■ DESCRIPTION OF THE TASK
Restate the listing word for word. Stop at the line that holds "curva de aprendizaje.", include it, and leave out all pictures.

■ DATA BLOCK
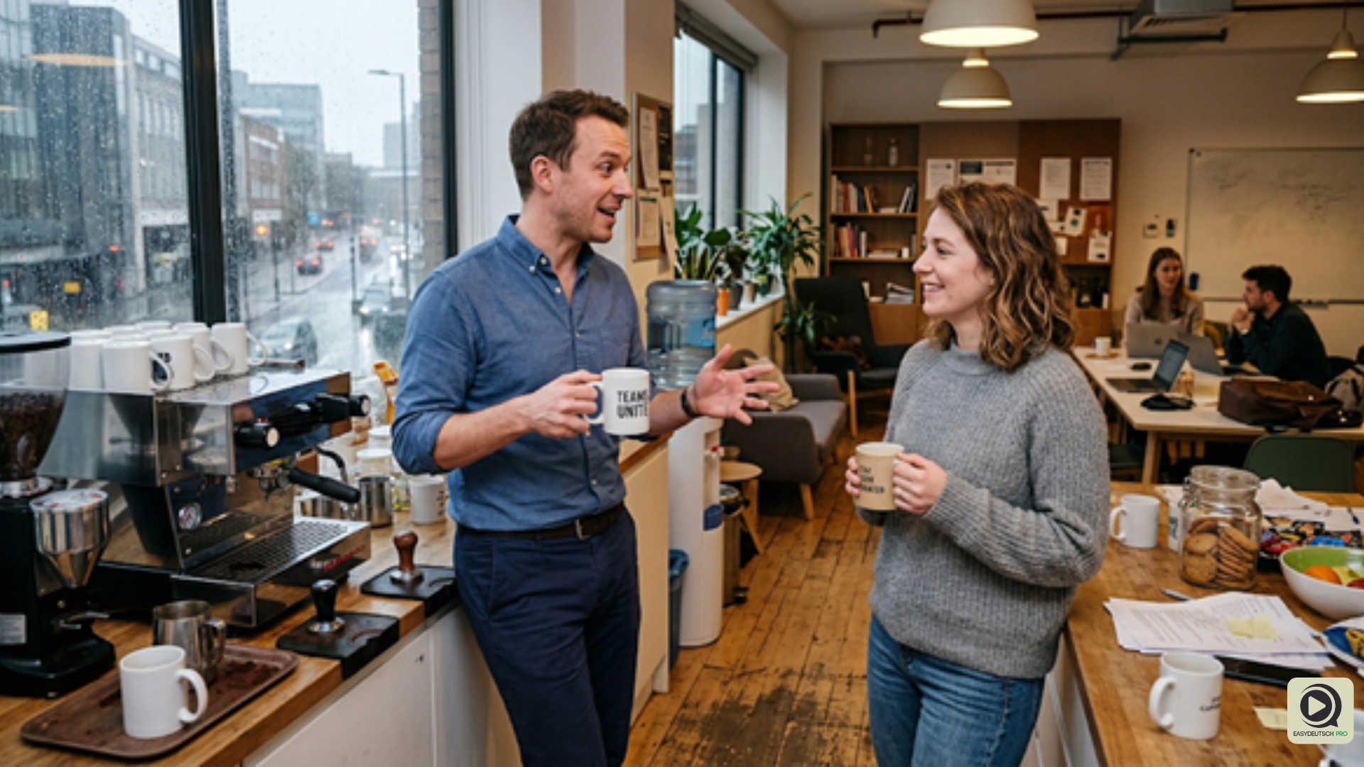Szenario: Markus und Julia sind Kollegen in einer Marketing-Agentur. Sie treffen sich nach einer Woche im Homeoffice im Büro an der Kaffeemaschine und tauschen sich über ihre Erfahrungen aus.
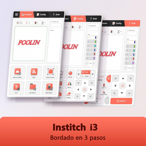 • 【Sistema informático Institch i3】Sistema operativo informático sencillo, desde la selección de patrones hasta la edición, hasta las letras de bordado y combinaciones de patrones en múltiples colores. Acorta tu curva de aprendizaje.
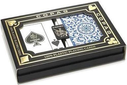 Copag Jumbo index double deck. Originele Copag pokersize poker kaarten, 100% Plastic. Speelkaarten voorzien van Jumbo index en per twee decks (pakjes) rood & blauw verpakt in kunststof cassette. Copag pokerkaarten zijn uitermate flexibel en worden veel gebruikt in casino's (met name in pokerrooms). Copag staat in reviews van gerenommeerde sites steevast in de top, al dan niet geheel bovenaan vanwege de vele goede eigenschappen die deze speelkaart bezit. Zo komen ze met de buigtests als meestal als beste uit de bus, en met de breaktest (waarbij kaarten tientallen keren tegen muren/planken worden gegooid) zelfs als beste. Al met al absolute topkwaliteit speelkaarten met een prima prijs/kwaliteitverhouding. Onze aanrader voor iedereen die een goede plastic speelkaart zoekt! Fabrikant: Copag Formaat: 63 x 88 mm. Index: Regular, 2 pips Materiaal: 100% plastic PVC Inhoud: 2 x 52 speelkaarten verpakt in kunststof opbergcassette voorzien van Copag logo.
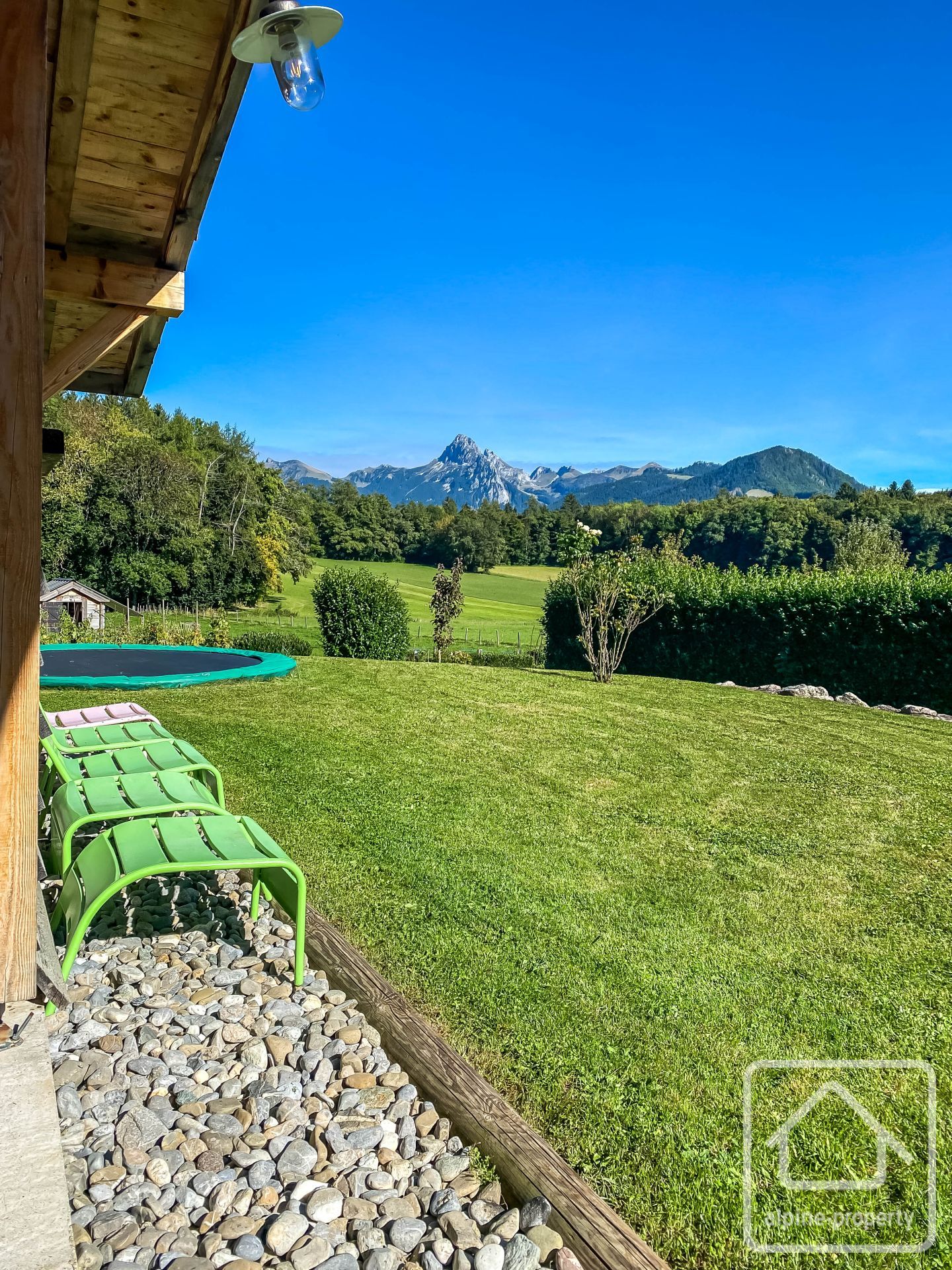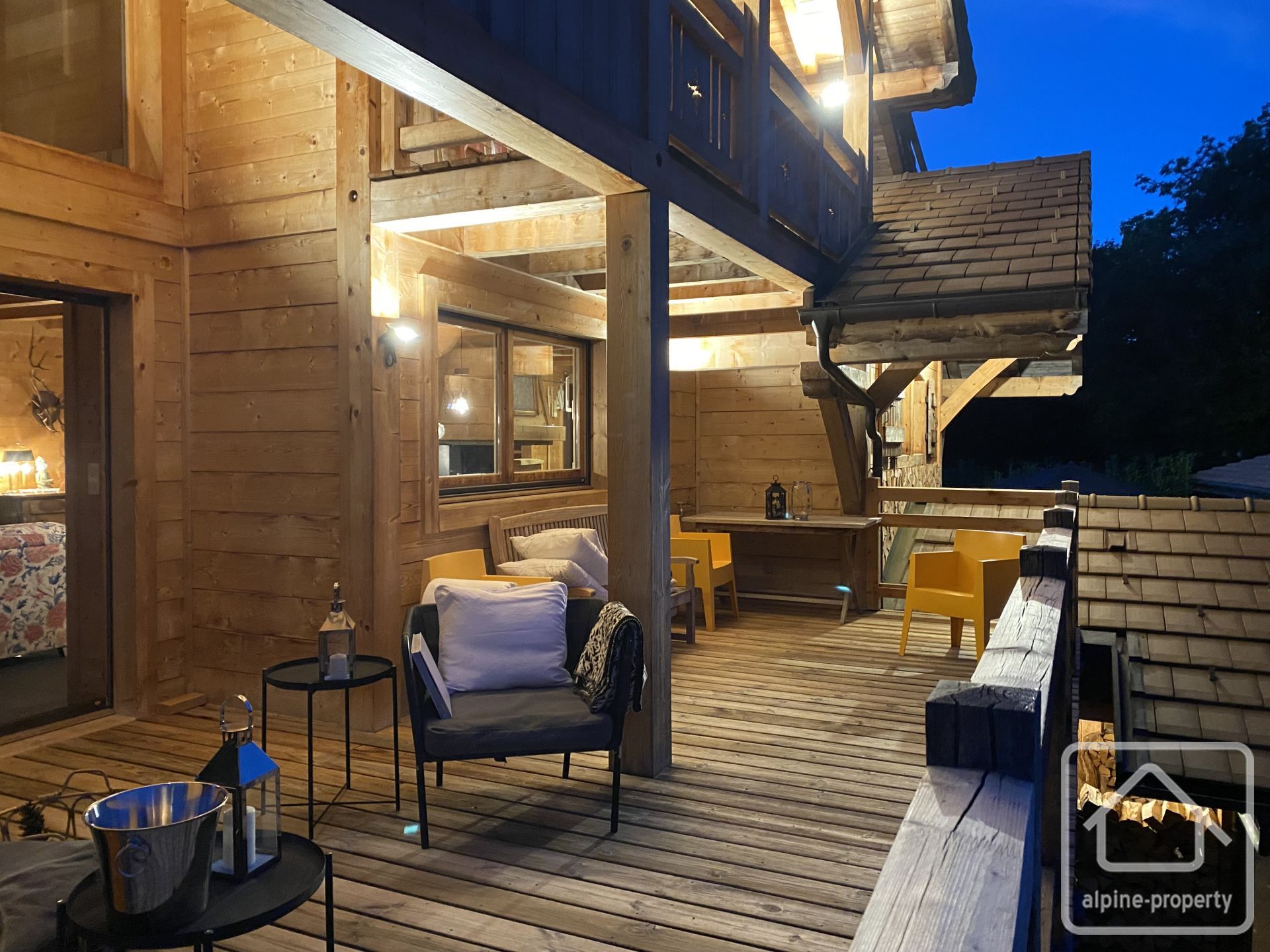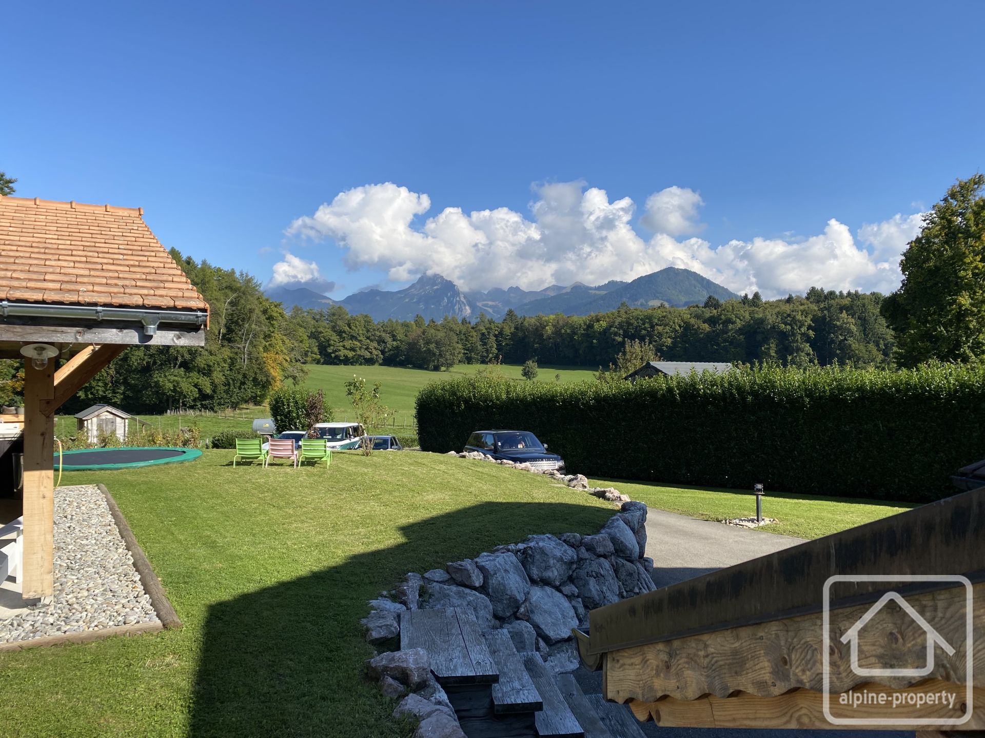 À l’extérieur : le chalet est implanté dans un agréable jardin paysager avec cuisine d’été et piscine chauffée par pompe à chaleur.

■ ANSWER TO THIS TASK
Szenario: Markus und Julia sind Kollegen in einer Marketing-Agentur. Sie treffen sich nach einer Woche im Homeoffice im Büro an der Kaffeemaschine und tauschen sich über ihre Erfahrungen aus.
 • 【Sistema informático Institch i3】Sistema operativo informático sencillo, desde la selección de patrones hasta la edición, hasta las letras de bordado y combinaciones de patrones en múltiples colores. Acorta tu curva de aprendizaje.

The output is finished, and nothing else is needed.